++++ DATASET EXCERPTS ++++

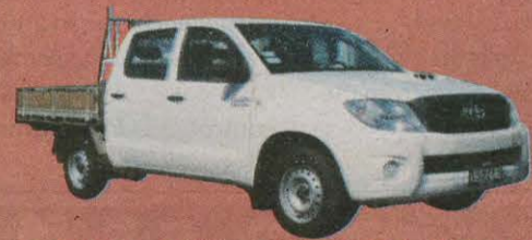
2011 Toyota Hilux 2WD D/Cab Flatdeck $16,930

3.0L Turbo Diesel, Towbar, Canopy, Auto, NZ New
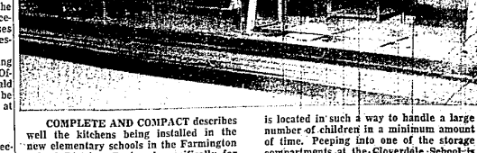
COMPLETE AND COMPACT describes well the kitchens being installed in the new elementary schools in the Farmington School District. Designed specifically for the school, low lunch program, everything is located in such a way to handle a large number of children in a minimum amount of time. Peeping into one of the storage compartments at the Cloverdale School is Principal John Klingebeger.
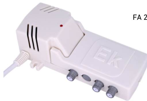
FA 242 / FA 121
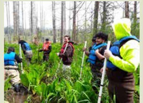
To the left: Emerson High School students surveying at Big Lake Wetlands as part of their Conservation Classroom program. They were great citizen scientists!

++++

* WHAT IS EXPECTED: No pictures belong in the copy. Repeat the listing above exactly.

* REPLY:
2011 Toyota Hilux 2WD D/Cab Flatdeck $16,930

3.0L Turbo Diesel, Towbar, Canopy, Auto, NZ New
COMPLETE AND COMPACT describes well the kitchens being installed in the new elementary schools in the Farmington School District. Designed specifically for the school, low lunch program, everything is located in such a way to handle a large number of children in a minimum amount of time. Peeping into one of the storage compartments at the Cloverdale School is Principal John Klingebeger.
FA 242 / FA 121
To the left: Emerson High School students surveying at Big Lake Wetlands as part of their Conservation Classroom program. They were great citizen scientists!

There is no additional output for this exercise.